谷氨酸脱氢酶(GDH)为疟原虫糖酵解中的关键酶,是一个潜在的诊断靶标,已建立的恶性疟原虫谷氨酸脱氢酶(PfGDH)快速免疫诊断方法已显示了较满意的效果。但间日疟原虫谷氨酸脱氢酶(PvGDH)尚未见报道。因此,克隆表达PvGDH,并制备抗PvGDH特异性单抗,可为进一步研制以PvGDH为诊断靶标的间日疟原虫特异性快速免疫诊断试剂奠定基础,从而为间日疟防治提供有力工具。

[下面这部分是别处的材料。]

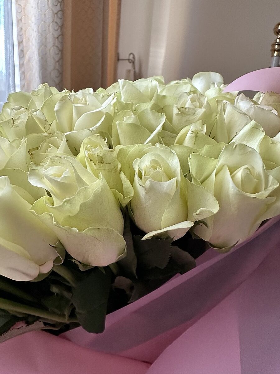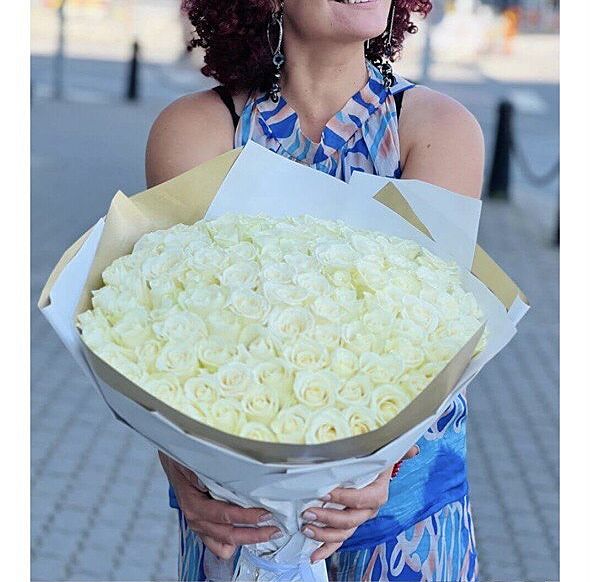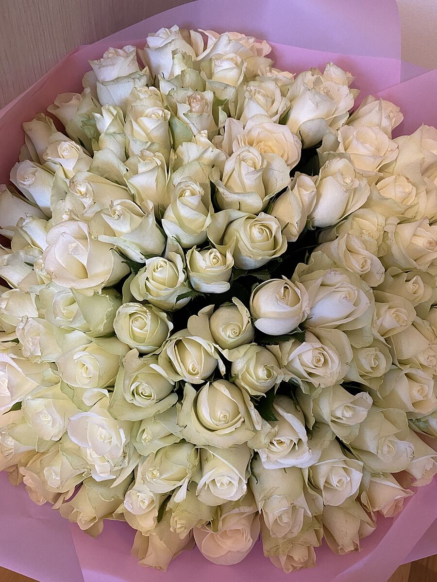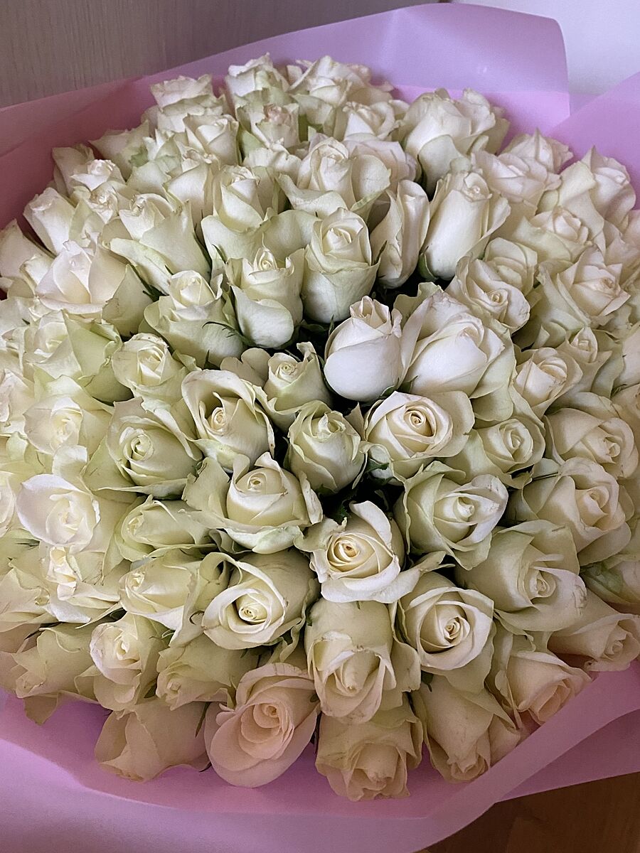 Заказывала цветы в интернет магазине, первое фото из их сайта (101 белая роза), второе фото мое я скинула, какие розы я ожидаю и хочу (раньше у меня он был, там было 71 роза, тяжеленный букет). Мне консультант ответила, что могут сделать такой же из таких же роз.

第一部分红内期间日疟原虫全长cDNA文库的构建与鉴定
目的:构建中国红内期间日疟原虫全长cDNA文库。
方法:自未经治疗的确诊间日疟患者静脉采血,滤过去除白细胞后浓集含虫红细胞,提取总RNA,RT-PCR法逆转录合成cDNA第一链,LD-PCR合成cDNA第二链及双链cDNA,经蛋白酶K消化、Sfi I酶切、CHROMA SPIN-400柱分离去除小于400 bp的片段后CHROMA SPIN-400柱分离去除小于400 bp的片段后,将cDNA与已经Sfi I酶切的质粒载体连接,转化入DH5α感受态细胞。测定文库的库容和重组率。随机挑选48个菌落,以M13+-引物进行PCR,鉴定插入cDNA片段大小。
结果:构建的中国红内期间日疟原虫全长cDNA文库原始库容为1.14×106,重组率为97.2%。重组子插入cDNA片段大小为900~2500bp之间。
结论:成功构建了中国红内期间日疟原虫全长cDNA文库。
第二部分间日疟原虫谷氨酸脱氢酶基因的克隆表达
目的:克隆表达间日疟原虫谷氨酸脱氢酶。
方法:根据推测的PvGDH编码基因设计特异性引物,采用PCR自构建的中国红内期间日疟原虫全长cDNA文库扩增PvGDH编码基因,将其克隆至pMD18-T载体,经PCR和双酶切鉴定后进行序列测定后,亚克隆至pCOLDⅡ载体进行表达。通过ELISA和Western-blot检测正常人血清、间日疟患者血清、恶性疟患者血清与rPvGDH的免疫反应性;以表达的rPvGDH免疫小鼠制备抗血清,通过ELISA检测抗血清与rPvGDH的免疫反应性;并以Western-blot检测抗血清与间日疟原虫抗原、恶性疟原虫抗原、正常红红细胞抗原的免疫反应性。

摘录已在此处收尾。